In today’s society, we’re brought up romanticizing the “perfect” adult life: a white picket fence with a faithful partner, our children playing in the yard. We, along with generations of predecessors, chase this predetermined structure of ideal existence. But it doesn’t take much examination to discover the genuine authenticity of this expectation – scandalous news of a celebrity’s extramarital affair smother gossip magazine covers every other week. Just like many other societal expectations put in place by outdated ethical obligations, we must take a step back from what we consider as normal and analyze its modern relevance and rationale.
Ancient societies had a very different interpretation of romantic relationships than we do today — 80% of them believed in having multiple partners at once. In fact, out of the 5,000 existing species of mammals, only a small 3% of them, including humans, wolves, beavers and bats, are known to form lifelong bonds. The practice of polygamy is even positively represented in the Holy Books of almost every major religion.
Biologists believe that monogamy may have been developed as an evolutionary advantage to share the burden of caring for children. This would make sense, since humans are considered to only be socially monogamous, a term referring to creatures that pair up to raise offspring but still seek alternate sexual partners. So although the cheating husband may take his mistress out for a night on the town, rest assured that he’ll be home to tuck the kids in before bedtime.
But if monogamy so dramatically contrasts our primitive nature, why do we strive so hard to find the one? After all, studies reveal that 44.6% of marriages end in divorce, averaging a length of only 8.2 years. In fact, 88.8% of couples claim that infidelity is the cause of their separation.

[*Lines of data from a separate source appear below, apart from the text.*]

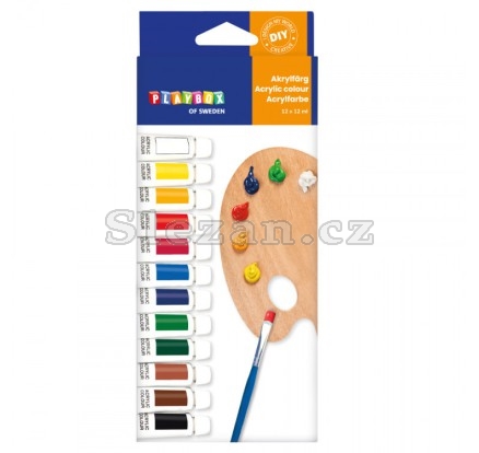 Balení obsahuje 12 barev (bílá, žlutá citronová, okrová, oranžová, červená, sv. modrá, sv. zelená, tm. modrá, hnědá, tm. modrá, černá) Vhodné na dřevo, keramiku, sklo, papír, plasty atd. Vodou ředitelné a omyvatelné. Barvy je možné vzájemně míchat k rozšíření barevné palety.
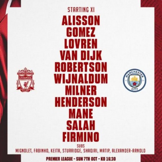 腾讯体育讯 北京时间10月7日晚23时30分,2018-19赛季英超第8轮一场焦点战,利物浦坐镇安菲尔德球场迎战曼城,双方出场阵容已经公布。
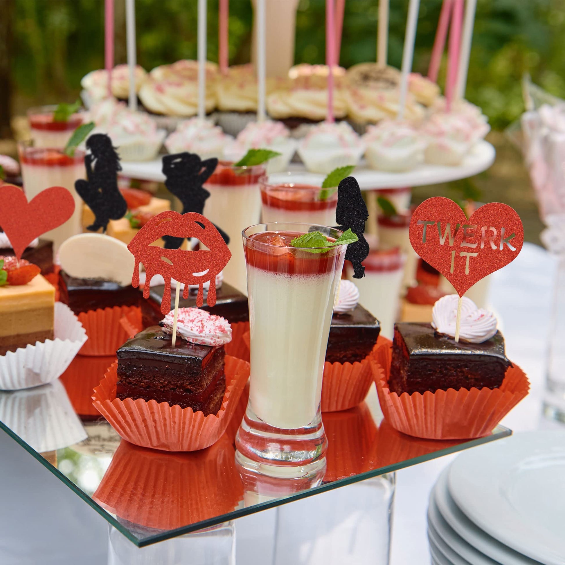 Q: What occasions are these cupcake toppers suitable for?A: These cupcake toppers are perfect for Valentine’s Day parties, bachelorette theme parties, Galentine's celebrations, and birthday cake decorations.
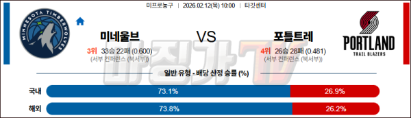 2026-02-12 NBA 미네소타 링스 포틀랜드 트레일블레이저 NBA분석 무료중계 스포츠분석
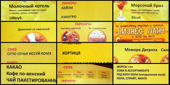 Александр сфотографировал чудесную вывеску-меню. Нет, это кафе находится не в Китае. Самая что ни на есть Россия - юг Урала.
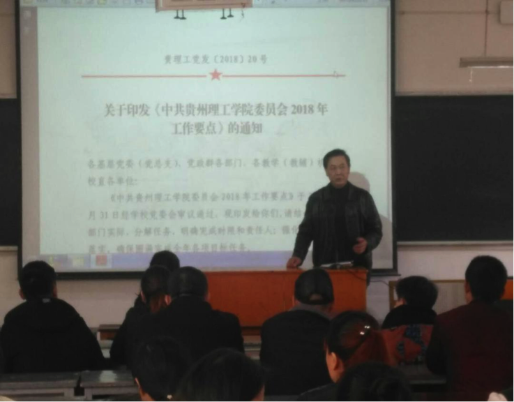 会上,集中学习传达了《中共贵州理工学院委员会2018年工作要点》《贵州理工学院2018年行政工作要点》。

If, after making a lifelong commitment to a partner, nearly 9/10 individuals break that commitment because they seek relations with others, how can we genuinely conclude that we, as a species, are successful in our practice of monogamy?
Although the statistics are discouraging, it’s undeniably important to remember that longevity doesn’t determine the value of a relationship — the lessons and experiences underwent during its progression do. We all strive for a love that’s immune to the turbulence of everyday life. We desire to find a partner who sees our worth because we long for it to be validated. For someone to look at us and see someone deserving of dedicating a lifetime to. But this yearning is not one that will be quenched until we learn to look in the mirror and see that in ourselves. It’s not until we can enjoy the company of our solitude that we can finally free ourselves from the fear of it.
Time and time again, humans have proven to contradict what nature expects of us: men who choose to father children who aren’t biologically theirs, the physiologically impossible yet spiritually remarkable decision to sacrifice yourself to save a loved one. There is so much about our existence that science is only beginning to comprehend – our desire for and commitment to monogamy included.
We are living, breathing enigmas of nature learning how to fit infinite bounds of consciousness into the fleshy vessel we’re confined to. Whether we choose to share it with one or multiple partners, it’s ultimately up to us to embrace our remarkably limited time on this earth as thoroughly and wholeheartedly as possible.